Pour connaître le potentiel perturbateur thyroïdien du fipronil chez l'Homme, il est donc nécessaire de caractériser les différences interspécifiques de métabolisme des hormones thyroïdiennes et de biotransformation du fipronil pour déterminer quel modèle animal, entre le rat et le mouton, est le plus proche de l'Homme. Pour cela, nous avons choisi de développer un outil permettant de caractériser sur le plan quantitatif les effets du fipronil et/ou du fipronil sulfone sur le métabolisme hépatique des hormones thyroïdiennes tout en établissant une toxicologie comparative d'espèce de ces effets perturbateurs thyroïdiens. Cet outil consistait en l'établissement d'une courbe dose (fipronil, fipronil sulfone) - réponse (perturbation thyroïdienne) sur culture primaire d'hépatocytes de rat, de mouton et d'Homme.

CHAPITRE 4: TOXICOLOGIE COMPARATIVE IN VITRO

B. Développement sur hépatocytes de rat: détermination des

conditions de mise en culture pour étudier un effet perturbateur

thyroïdien

Les objectifs de cette partie étaient de déterminer sur hépatocytes de rat:

1) si, comme in vivo, le fipronil était fortement et rapidement transformé en fipronil sulfone,

2) s'il fallait traiter les hépatocytes avec de la T3 pour maintenir l'activité des enzymes hépatiques ou si la supplémentation du milieu de culture en T3 pouvait être évitée,

3) si, comme in vivo, le fipronil et le fipronil sulfone étaient capables d'induire une augmentation de l'expression protéique des CYP3A,

4) quelle dose de T4 et quels temps de prélèvements du milieu de culture après ajout de T4 permettaient d'observer une diminution des concentrations extracellulaires en T4 pendant suffisamment longtemps pour estimer une clairance de l'hormone et déterminer le potentiel perturbateur thyroïdien des différents traitements in vitro.

1. Matériels et méthodes

a.

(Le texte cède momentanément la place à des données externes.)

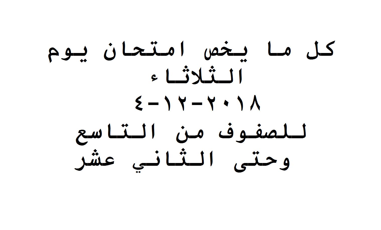 كل ما يخص امتحان يوم الثلاثاء 4122018 للصفوف من التاسع وحتى الثاني | ||
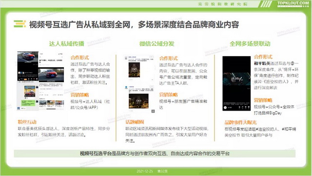 视频号不仅全力培育内容,形成独特的内容体系,在营销模式上也基于微信生态基础形成了新的独特商业生态。
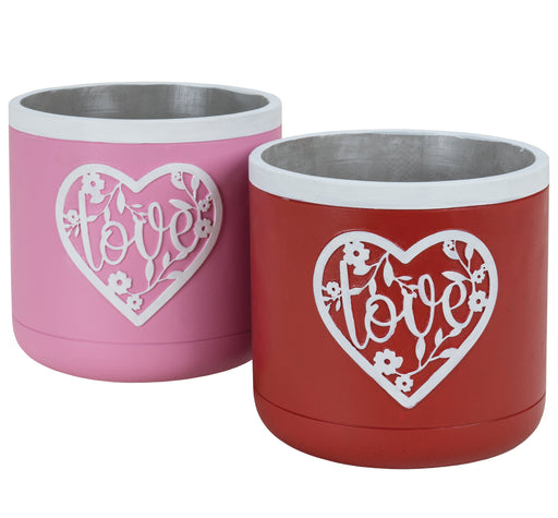 6" Red/Pink Love Heart Design Cement Planter, 2 Assorted, 4/cs
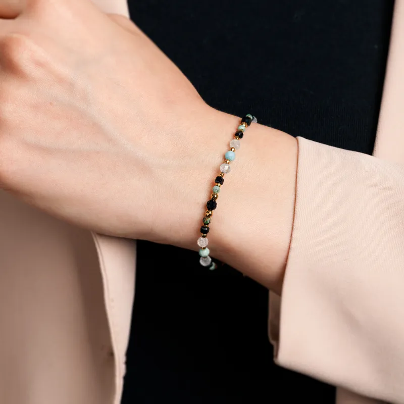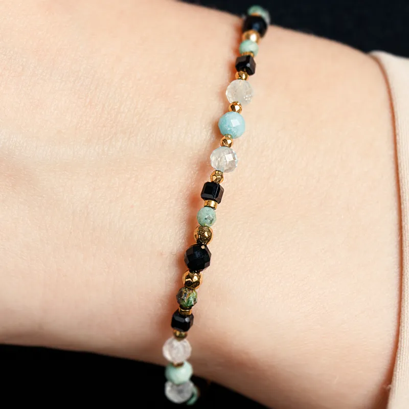 - Kamienie: Starannie wyselekcjonowane kamienie naturalne – Spektrolit (czarny), Turmalin (zielony), Akwamaryn (biały/jasnoniebieski), w rozmiarach od 2 do 7 mm.
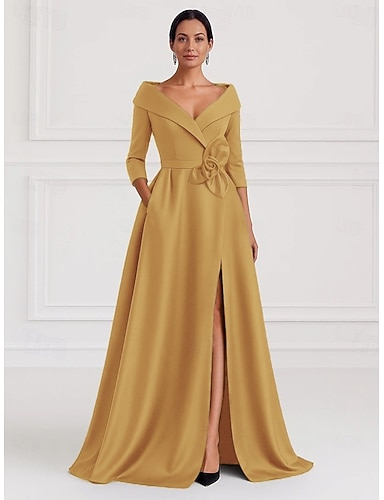 A-linja Kokopitkä Iltapuku Ball Gown Muodollinen mekko Tyylikäs Silkkinen 3/4 hiha Paitapuserokaula-aukko Häät Muodollinen Tasku Joustava satiini kanssa Shouder Flower

Préparation des solutions d'hormones thyroïdiennes

Des solutions concentrées de T3 (2.3 mM, triiodothyronine, Sigma-Aldrich, Saint- Quentin Fallavier, France) et de T4 (2.5 mM, L-thyroxine, Sigma-Aldrich, Saint-Quentin Fallavier, France) ont été obtenues en dissolvant de la T3 ou de la T4 dans du DMSO. Les concentrations finales de T3 (23 nM) et de T4 (25 nM) dans le milieu de culture ont été obtenues par dilution au 1/100e des solutions concentrées dans du DMSO (obtention de solutions à 23 µM pour la T3 et à 25 µM pour la T4) puis au 1/1000e des solutions précédentes dans le milieu de culture utilisé pour traiter les hépatocytes.